Dataset extract:
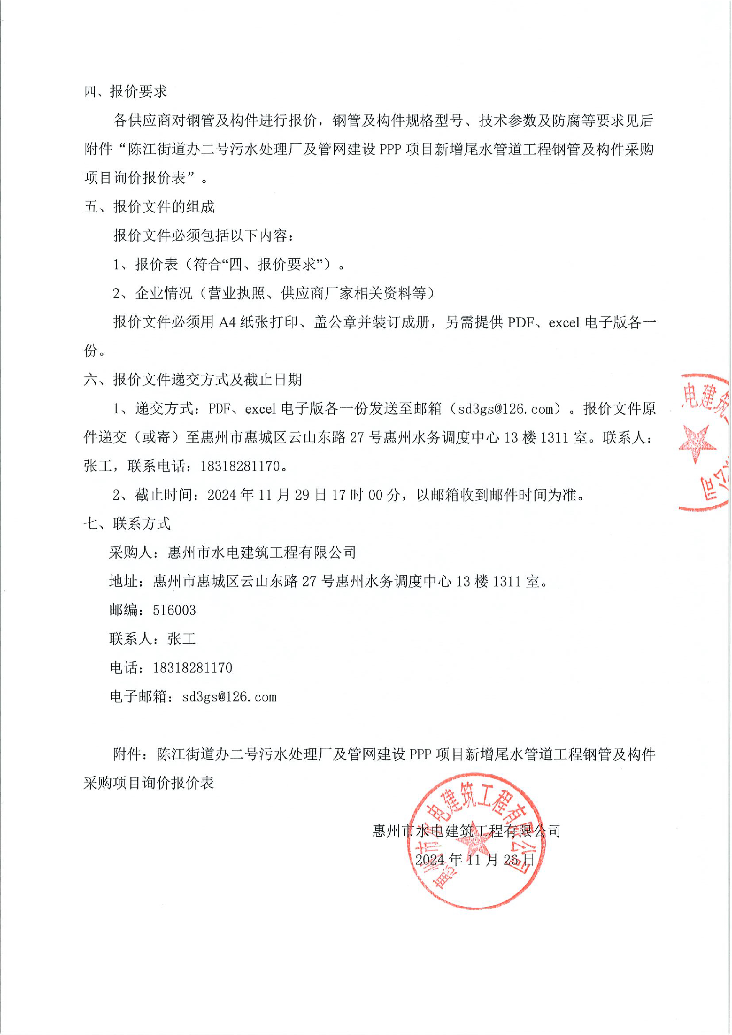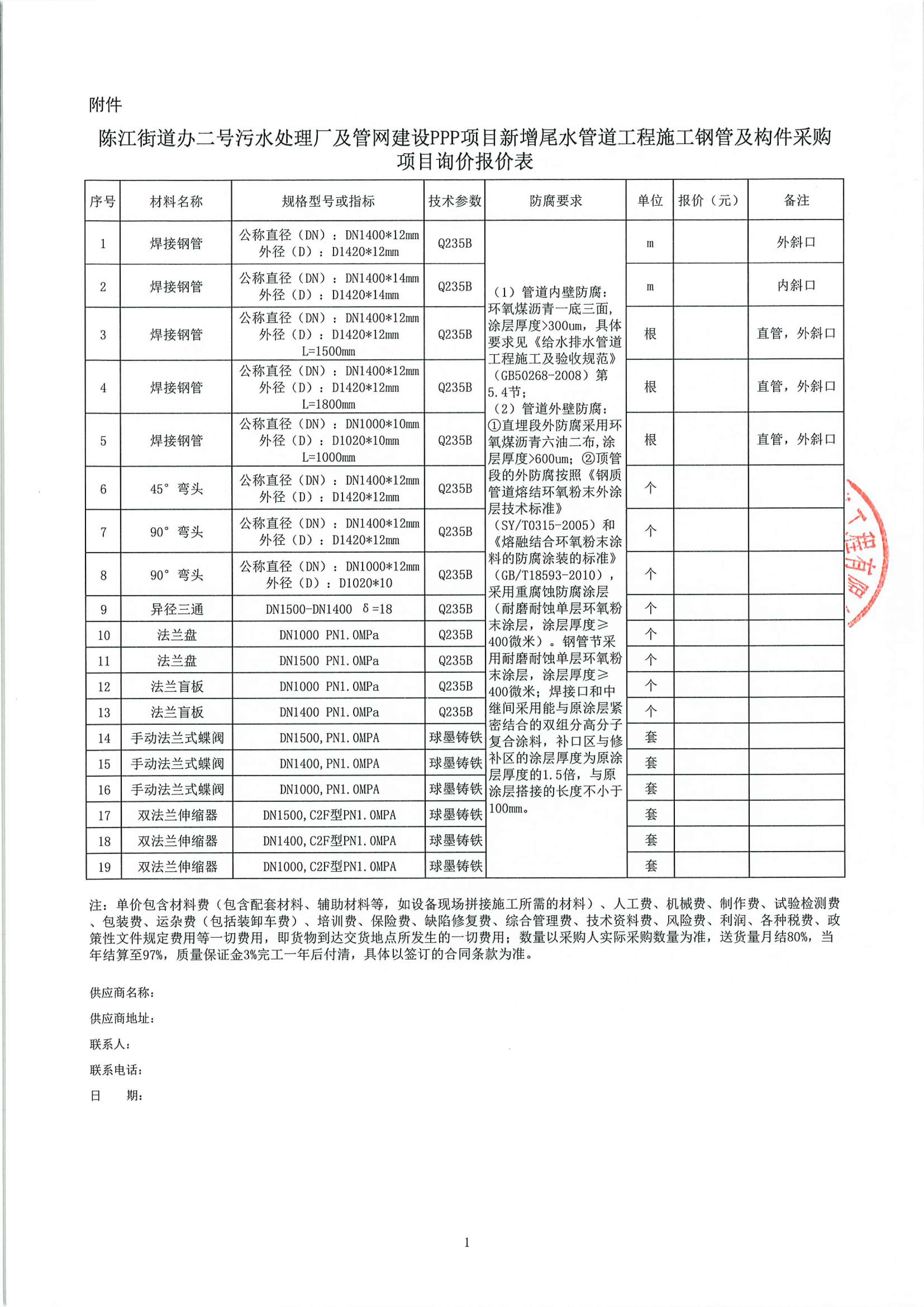 附件:陳江街道辦二號(hào)污水處理廠(chǎng)及管網(wǎng)建設(shè)PPP項(xiàng)目新增尾水管道工程鋼管及構(gòu)件采購(gòu)項(xiàng)目詢(xún)價(jià)報(bào)價(jià)表
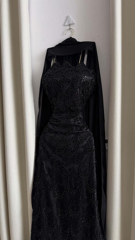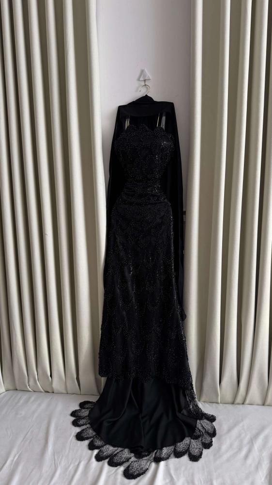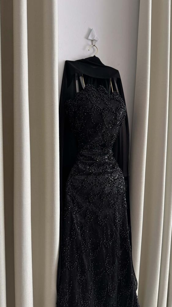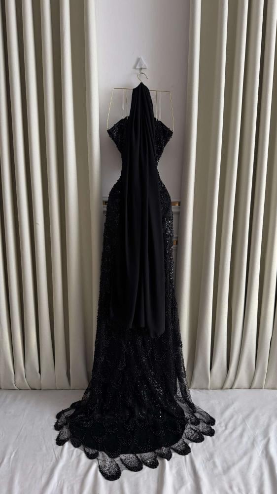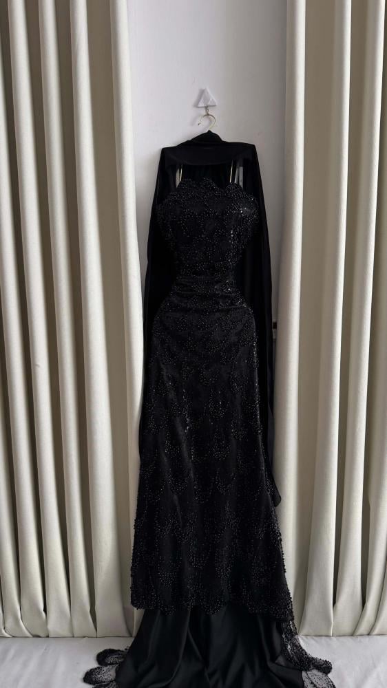فستان سهرة طويل بقصة حورية البحر، يتميز بتطريز فاخر من الترتر والخرز بنمط المروحة الجذاب على كامل القماش، مع ياقة بتصميم قلب الصدر (Strapless Sweetheart) تبرز الأنوثة. مثالي للسهرات الكبرى والمناسبات الراقية لإطلالة خاطفة للأنظار.
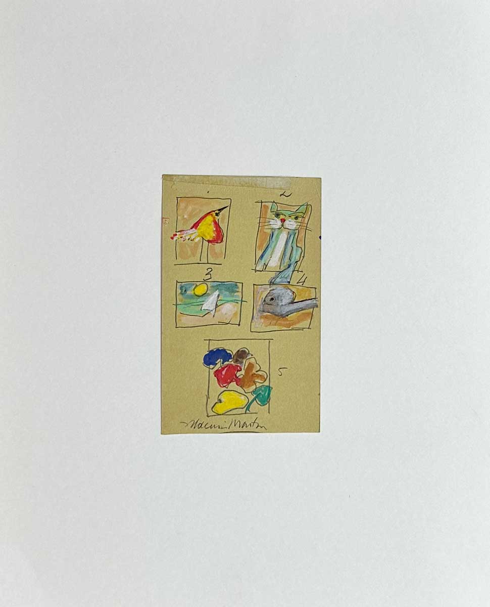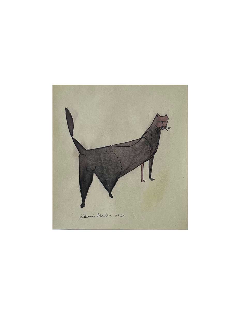ALDEMIR MARTINS - Gato - 1958 - desenho a nanquim e aquarela - 16 x 14 cm. Ass. inf. esq. Com certificado de Autenticidade

What you need to do: Each line from the one with "فستان سهرة طويل" to the final line of the data above is to be printed exactly; no picture should appear in the copy.

Solution for this exercise:
فستان سهرة طويل بقصة حورية البحر، يتميز بتطريز فاخر من الترتر والخرز بنمط المروحة الجذاب على كامل القماش، مع ياقة بتصميم قلب الصدر (Strapless Sweetheart) تبرز الأنوثة. مثالي للسهرات الكبرى والمناسبات الراقية لإطلالة خاطفة للأنظار.
ALDEMIR MARTINS - Gato - 1958 - desenho a nanquim e aquarela - 16 x 14 cm. Ass. inf. esq. Com certificado de Autenticidade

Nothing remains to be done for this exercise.